Hier konnte ich mich im kühlen Nass treiben lassen.
Ich starrte auf die Eiche und genoss meine Privatsphäre und Freiheit. Das kalte Wasser traf meine warme Haut. Meine Gedanken wanderten zu Rex und seinen blauen Augen. Mein Körper fühlte sich dabei immer so heiß an, dass es in meiner Fotze juckte, berührt zu werden. Ich wusste, dass es eine Sünde ist, mich selbst zu berühren, sagte Vater immer, aber manchmal konnte ich es einfach nicht ertragen.
Ich habe Rex einmal ohne sein Hemd gesehen, seine Muskeln kräuselten sich unter seiner goldbraunen Haut. Er war sehr schön und stark. Meine Hand glitt meinen Bauch hinunter, als ich im Pool schwamm, und ich streckte die Hand aus, um den heißen Juckreiz zu kratzen, der aufgetreten war, als ich mir vorstellte, wie Rex seine hemdlose, gebogene, eng anliegende Jeans ausstreckte.
Wir waren jetzt beide achtzehn. Es würde nicht lange dauern, bis er mich förmlich umwarb. In ein paar Jahren würden wir richtig verheiratet sein und es würde endlich meinen Juckreiz ohne Sünde beseitigen.
Meine Hand ist nah.
Ich konnte es nicht ertragen. Es war, als wäre mein Körper zur Sünde gemacht. Meine Brustwarzen waren hart und wund, meine Katze war so heiß, das kalte Wasser streichelte sogar meine Vulva.
Meine Finger greifen in mein lockiges, schwarzes Schamhaar. Ich hielt es ordentlich getrimmt, genoss es aber, die zotteligen Büschel zu streicheln. Ich ging mit der Berührung dieses wunderbaren, sensiblen Knopfes zu Boden. Ich zitterte, die Elektrizität funkelt.
Es war noch nicht an der Zeit, mit meiner Klitoris zu spielen.
Meine Finger streichelten meine heiße Vulva und strichen über meine feuchten Lippen auf und ab. Ich schloss fest meine Augen und stöhnte, während ich mir vorstellte, wie Rex‘ starke Finger meine Intimität streichelten. Meine Beine wurden etwas breiter, sodass meine Finger besser greifen konnten.

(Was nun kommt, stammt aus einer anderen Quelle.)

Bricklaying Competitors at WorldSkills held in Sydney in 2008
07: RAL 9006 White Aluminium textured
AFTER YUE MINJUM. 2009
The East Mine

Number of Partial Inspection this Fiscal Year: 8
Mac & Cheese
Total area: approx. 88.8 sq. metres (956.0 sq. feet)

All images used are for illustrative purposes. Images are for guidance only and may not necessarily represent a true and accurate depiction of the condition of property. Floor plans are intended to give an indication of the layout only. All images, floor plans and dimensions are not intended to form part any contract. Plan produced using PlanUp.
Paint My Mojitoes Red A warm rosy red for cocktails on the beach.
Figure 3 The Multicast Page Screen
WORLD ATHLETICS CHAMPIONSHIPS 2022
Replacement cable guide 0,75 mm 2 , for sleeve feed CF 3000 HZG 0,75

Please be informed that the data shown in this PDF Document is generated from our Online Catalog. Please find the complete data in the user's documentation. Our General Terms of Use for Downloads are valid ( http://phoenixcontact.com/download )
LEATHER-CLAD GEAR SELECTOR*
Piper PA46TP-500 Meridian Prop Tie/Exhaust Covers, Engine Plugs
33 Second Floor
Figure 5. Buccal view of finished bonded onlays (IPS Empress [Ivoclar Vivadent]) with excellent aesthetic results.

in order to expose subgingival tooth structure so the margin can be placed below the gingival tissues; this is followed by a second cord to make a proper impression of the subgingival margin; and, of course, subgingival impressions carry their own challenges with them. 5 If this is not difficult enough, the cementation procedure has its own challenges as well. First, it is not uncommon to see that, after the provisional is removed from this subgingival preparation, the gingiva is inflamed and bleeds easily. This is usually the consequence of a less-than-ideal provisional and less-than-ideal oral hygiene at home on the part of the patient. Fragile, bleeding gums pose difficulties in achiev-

Ich stöhnte, als das erste Zittern der Leidenschaft meinen Körper umhüllte. Ich streichelte härter und?
Schritte knisterten auf dem Weg.
Ich hielt die Luft an, drehte mich um und sank mit dem Hals ins Wasser. Ich war mitten im Becken, meine Zehen berührten den felsigen Boden. Ich betrachtete mein Kleid neben meinem Handtuch und Seifenstück. Wer kam? Meine Brüder wussten, dass es besser war, zu versuchen, über mich hinauszuwachsen; Meine Stiefmutter pflegte ihre Haut zu bräunen.
?Hallo?? Ich rief.
Reina bog mit einem breiten Lächeln im Gesicht um die Ecke.
Ich sehe, du stimmst mir auch zu? sagte Reina, als sie ihr Kleid aufknöpfte.

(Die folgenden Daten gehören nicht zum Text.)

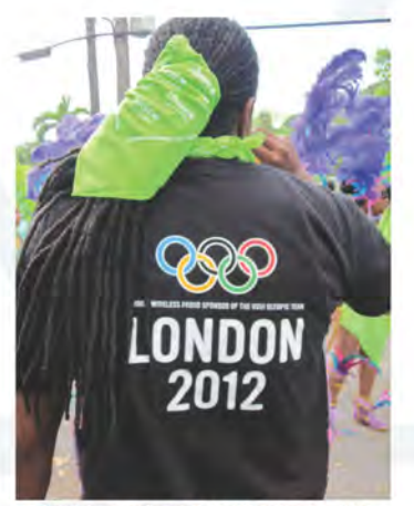
A Choice employee shows support for U.S.V.I. Olympic athletes

revenues continue to decline in Guyana, we intend to manage our transition carefully to a more data-centric world while remaining mindful of the expense and declining margins of our legacy voice services.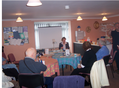
Above: Images from the CHI (Commission for Health Improvement) workshops held across county in February 2004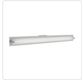
601002BN-LED Brushed Nickel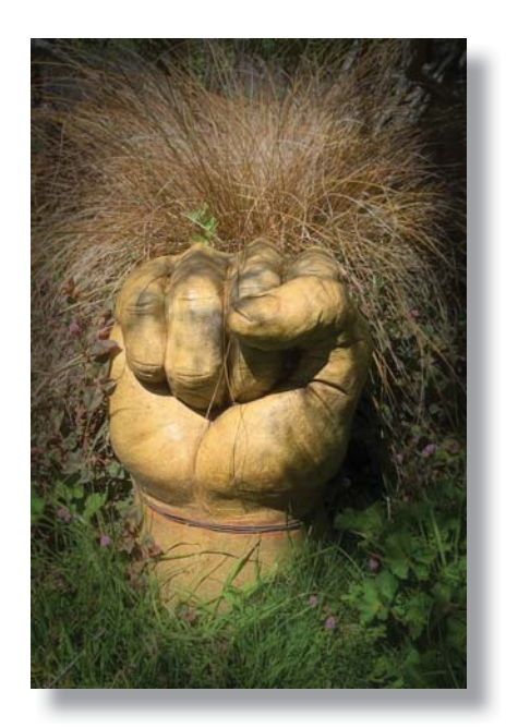
13 - Power to the garden.jpg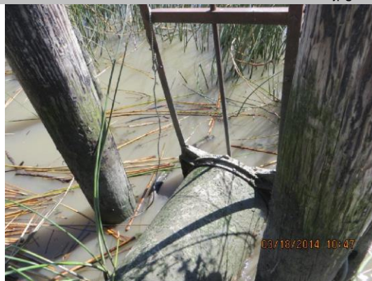
Slidegate on WS toe at pipe.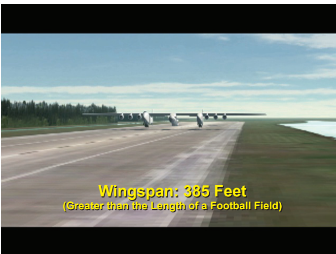
Wingspan: 385 Feet (Greater than the Length of a Football Field)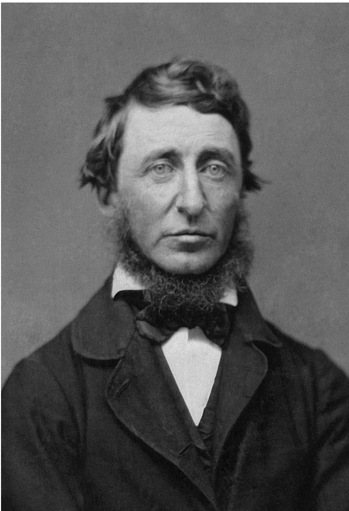
Daguerreotype of Henry David Thoreau in June 1856.

Walden Woods has been rendered as a kind of wilderness, and Henry David Thoreau is often taken to be an icon of individualism. However, recent work in environmental history suggests that even familiar evidence may look different when viewed through the lens of multispecies studies. We can find a more relational vision of Thoreau's religion if we are willing to admit the other members of Walden Woods society into the frame.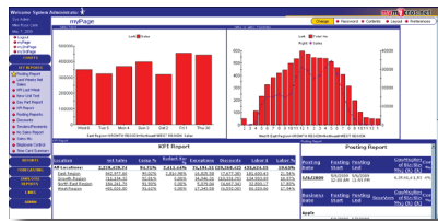
View instant data metrics in real-time.

Ich bin erleichtert. Hallo Reina. Wie geht es deinem Bruder??
Reina gluckste und warf mir einen wissenden Blick zu. Oh, ihm geht es gut. Wir haben zusammengearbeitet und ein neues Feld hart vorangetrieben, aber es ist ein schweißtreibender Job und ich brauchte ein Bad.
Reinas Kleid verrutschte. Sie würde niemals einen Petticoat und eine Bluse unter ihrer Kleidung tragen. So schlimm kann sie sein. Ihre Brüste waren hellbraun und kleiner als meine. Ich versuchte, sie nicht zu sehr anzustarren, meine Katze juckte, als ich bemerkte, wie hart ihre rosa Brustwarzen waren.
Manchmal dachte ich an Reina so wie an Rex.
Reina nahm meine Seife auf dem Weg hinein. Wasche meinen Rücken für mich?
?Sicherlich,? Ich lächelte, nahm ihr die Seife aus der Hand und versuchte, nicht auf ihre rosa Brustwarzen zu starren, die knapp über dem Wasser baumelten.
Ich sollte kein Verlangen nach einer Frau haben. Das war noch unangemessener als meine Fantasien über Rex.
Reina löst sich von mir, zieht ihr dunkelbraunes Haar über ihre rechte Schulter und enthüllt ihren geschmeidigen Rücken. Ich schäumte ein Stück Seife zwischen meinen Fingern auf, legte meine Hände auf den Kiesstrand, bevor ich ihren Rücken auf und ab lief, meine Finger konnten nicht aufhören, ihr Rückgrat hinunter und auf ihren Hintern hinunterzulaufen.
Hör auf, Queenie.
Ich zwang meine Hände zu ihren Schultern, bevor ich ihre Seiten wusch, meine Finger juckten, um zu sehen, ob sich ihre Brüste genauso anfühlten wie meine. Oder zumindest so, wie er sich fühlte, als meins so klein war wie seines.
Ich widerstand meinem schrecklichen Drang.
?Alles ok,? sagte ich mit atemloser Stimme.
?Vielen Dank,? Reina lächelte, wandte sich ab, ihre Brustwarzen streiften meine geschwollenen Brüste. Es war sehr schwierig.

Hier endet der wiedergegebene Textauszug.